In June, the World Bank officially revised its full-year estimate for Chinese economic growth to 4.3 per cent, compared with 5.1 per cent in December.

“This revision largely reflects the economic damage caused by Omicron outbreaks and the prolonged lockdowns in parts of China from March to May,” the World Bank said. It also predicted “aggressive policy stimulus to mitigate the economic downturn” in the second half of the year.

Global investment banks are similarly pessimistic. Economists at Goldman Sachs, Citi, JPMorgan and Morgan Stanley have all lowered their estimates for 2022 growth to between 4 per cent and 4.3 per cent over recent months. Goldman cited “the second quarter Covid-related damage to the economy” for its revised projection.

Is a stimulus wave gathering?

One frequent criticism of the Chinese government’s annual growth targets — including, in private settings, from reform-minded officials — is that they are responsible for “artificial” growth driven by local governments for the sheer purpose of achieving the target.

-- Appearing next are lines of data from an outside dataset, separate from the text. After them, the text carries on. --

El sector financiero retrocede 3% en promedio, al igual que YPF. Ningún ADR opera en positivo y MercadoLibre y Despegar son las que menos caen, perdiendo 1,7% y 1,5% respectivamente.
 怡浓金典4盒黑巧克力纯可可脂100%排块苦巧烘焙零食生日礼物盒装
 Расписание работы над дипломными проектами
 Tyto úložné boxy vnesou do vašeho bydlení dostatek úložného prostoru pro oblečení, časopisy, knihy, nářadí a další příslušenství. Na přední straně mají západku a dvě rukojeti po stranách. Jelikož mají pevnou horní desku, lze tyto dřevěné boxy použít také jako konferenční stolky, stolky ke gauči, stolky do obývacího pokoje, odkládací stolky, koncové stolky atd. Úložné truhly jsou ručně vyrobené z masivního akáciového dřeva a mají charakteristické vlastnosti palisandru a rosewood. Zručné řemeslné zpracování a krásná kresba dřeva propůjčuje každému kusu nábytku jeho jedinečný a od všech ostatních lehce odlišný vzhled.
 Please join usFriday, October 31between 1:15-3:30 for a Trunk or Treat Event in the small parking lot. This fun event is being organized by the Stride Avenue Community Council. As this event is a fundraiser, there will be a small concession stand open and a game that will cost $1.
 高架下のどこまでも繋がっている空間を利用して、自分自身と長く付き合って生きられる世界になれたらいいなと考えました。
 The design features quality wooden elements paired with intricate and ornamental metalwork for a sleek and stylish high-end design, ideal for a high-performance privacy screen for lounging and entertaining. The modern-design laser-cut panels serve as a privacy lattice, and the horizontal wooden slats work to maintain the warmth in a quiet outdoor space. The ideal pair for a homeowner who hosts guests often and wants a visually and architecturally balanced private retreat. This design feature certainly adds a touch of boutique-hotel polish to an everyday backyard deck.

Such growth for growth’s sake is often debt-fuelled and wasteful, a habit Xi and his economic advisers, led by vice-premier Liu He, have promised to end. But it is a hard habit to break when local governments across the country need economic growth to create jobs and fund their operations, regardless of the longer-term debts incurred.

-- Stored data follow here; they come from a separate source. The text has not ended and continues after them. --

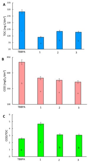 Concentration of organic compounds in solutions of raw TBBPA and products of AOP treatment expressed as a total organic carbon (TOC) (A), chemical oxygen demand (COD) (B), and TOC/COD ratio (C). The mean value ± SD, n = 3 of the result was presented, statistical (p < 0.01) differences between the results, assessed by Statistica 13.1 Student’s test, are indicated by different letters.
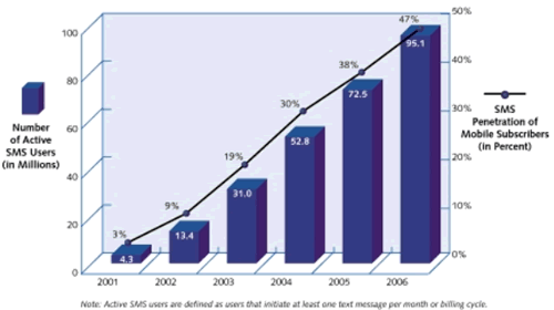 SMS在美國(guó)的使用落后于歐洲和日本, 但是工業(yè)分析是預(yù)測(cè)它會(huì)很快地趕上來(lái). 請(qǐng)見(jiàn)圖1. 活躍的SMS用戶預(yù)計(jì)會(huì)從2002年的9%增加到2006年的47%.
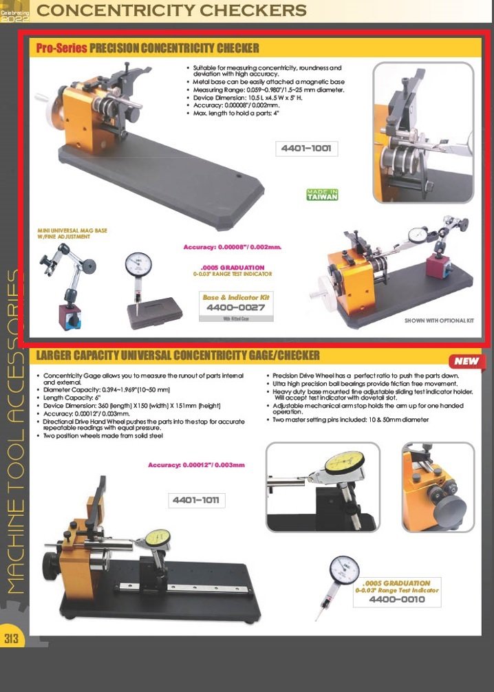 1″ DIAMETER PRECISION CONCENTRICITY CHECKER – MADE IN TAIWAN (4401-1001) (SKU: 4401-1001)
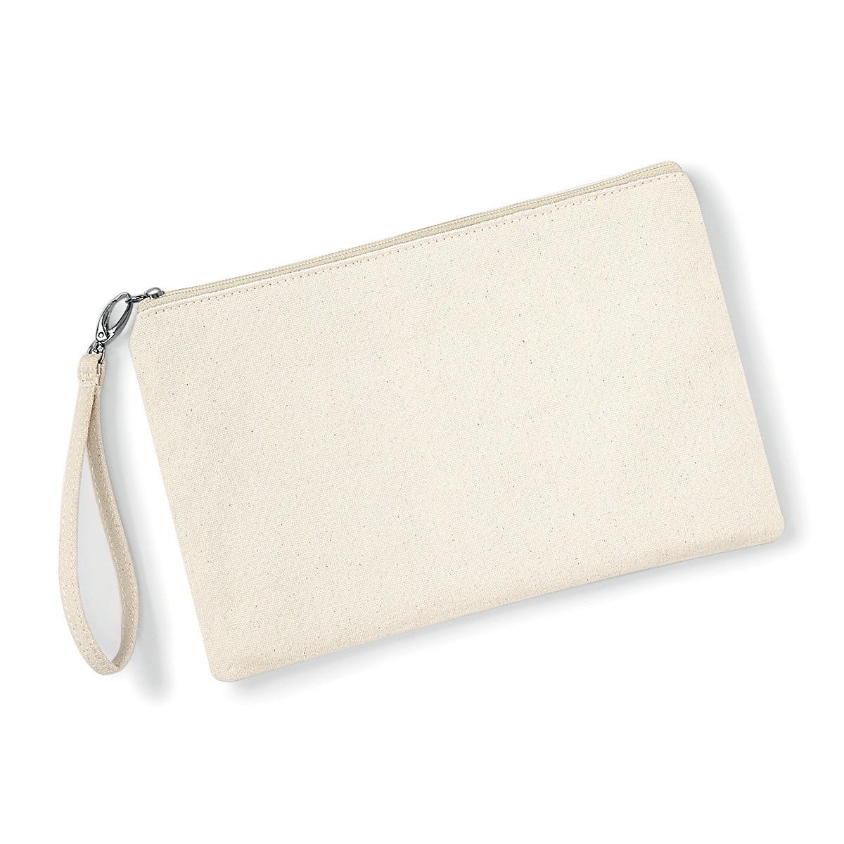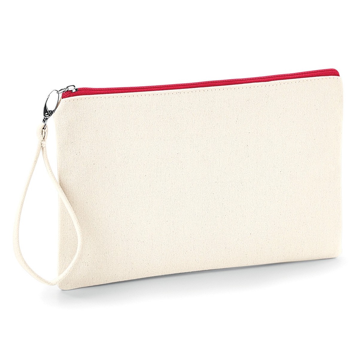 100% cotone Canvas. Pochette multiuso con zip con colore a contrasto, cinturino da polso staccabile, chiusura con zip. Lunghezza manico: 15 cm. Dimensioni: 26x17 cm, capacità: 1 litro, area stampabile: 21x13 cm.

This reflex is already kicking in. According to people familiar with the related policy discussions in Beijing, local governments across China will be allowed to issue an additional Rmb1.5tn ($223bn) worth of bonds this year to boost flagging growth.

The Chinese government set this year’s bond quota, mainly used by local governments for infrastructure projects, at Rmb3.65tn, of which Rmb1.5tn was moved forward to late 2021.

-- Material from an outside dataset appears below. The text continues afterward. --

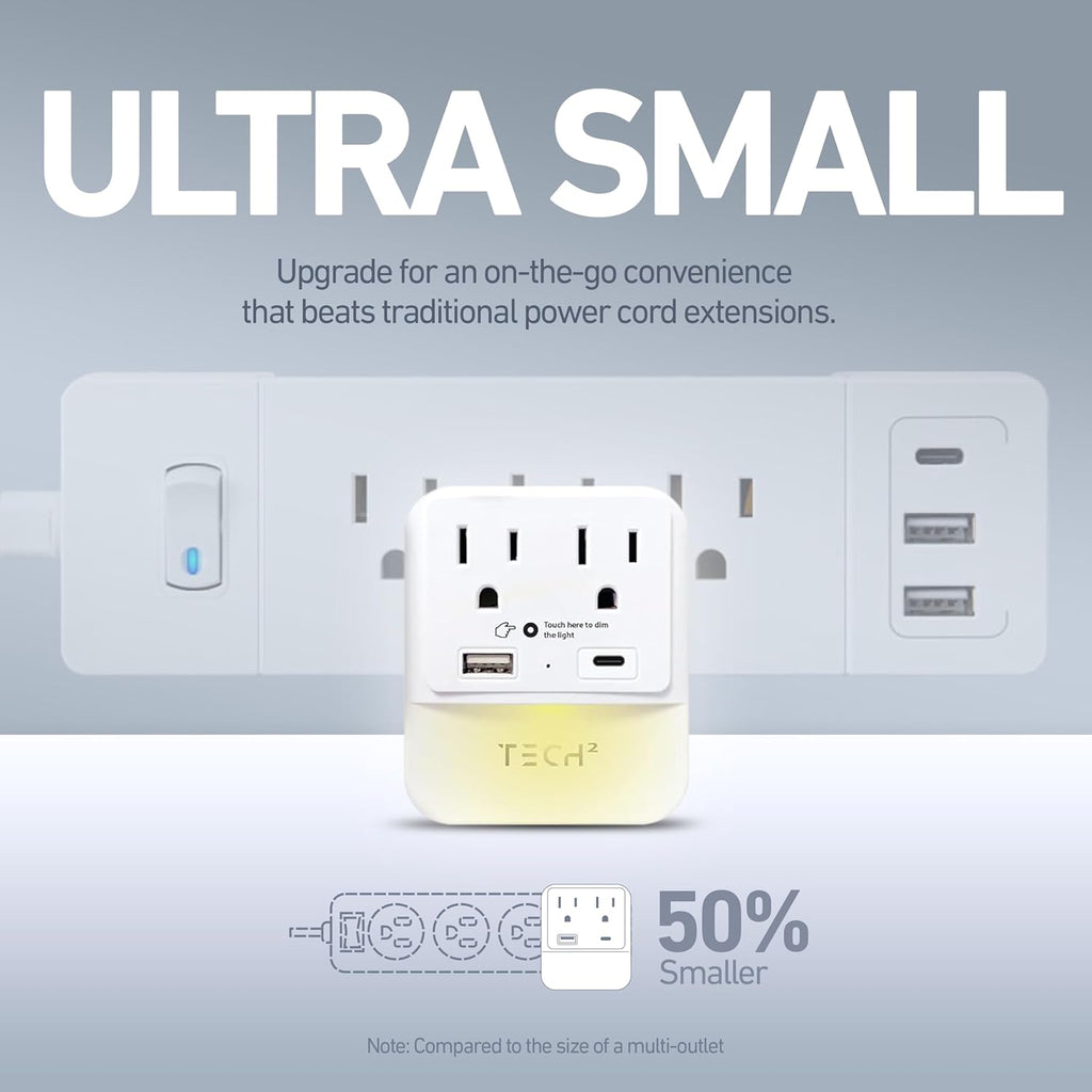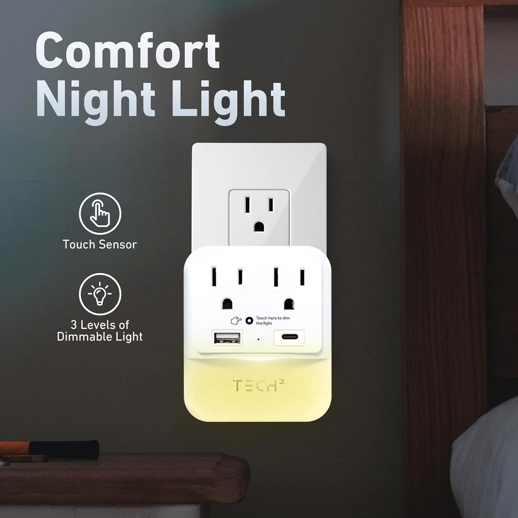 - Versatile Outlet Splitter with Night Light: Transforms a single wall outlet multiplier into a multi-functional hub with 6 A/C power sources & 2 USB ports, 1 USB-C (1875W)15A in total, making it easy to power several devices simultaneously.

In March, the State Council, China’s cabinet, said the remaining Rmb2.2tn in bonds for 2022 should be issued by the end of September. The additional Rmb1.5tn would be brought forward from next year’s quota.

Is the tide finally turning for the property sector?

Recently released credit figures also suggest that the race to reach 5.5 per cent growth is under way. New credit totalled Rmb5.2tn, well above expectations and almost 11 per cent higher than in May.

The increase was driven in part by cuts in the benchmark interest rate used to price mortgages and Rmb848bn in household loans, in line with the June 2021 figure when China’s escape from Covid seemed more assured. June property sales were down 9.5 per cent year on year, compared with a more than 48 per cent fall in May.

Larry Hu, chief China economist at Macquarie, said the “darkest moment for the property sector”, China’s largest economic motor, might have finally passed.

Will more lockdowns doom hopes for a second-half rebound?

Xi’s Wuhan trip sent an important signal, reiterating the sanctity of zero-Covid. The city was the site of the Chinese Communist party’s first victorious battle over the pandemic and the country’s first big lockdown.

Similar victories have since been declared in Shanghai and many other cities that have successfully implemented strict lockdowns to crush local outbreaks.

Xi visited Wuhan at a time when it appeared life had fully returned to normal in Shanghai, Beijing and many other cities affected by lockdown.

But the virus often responds to those declarations of success with another variant that is more transmissible but not more lethal, raising questions about the wisdom and sustainability of zero-Covid.

Shanghai residents are already girding themselves for another potential lockdown this week as the BA.5 variant spreads around China.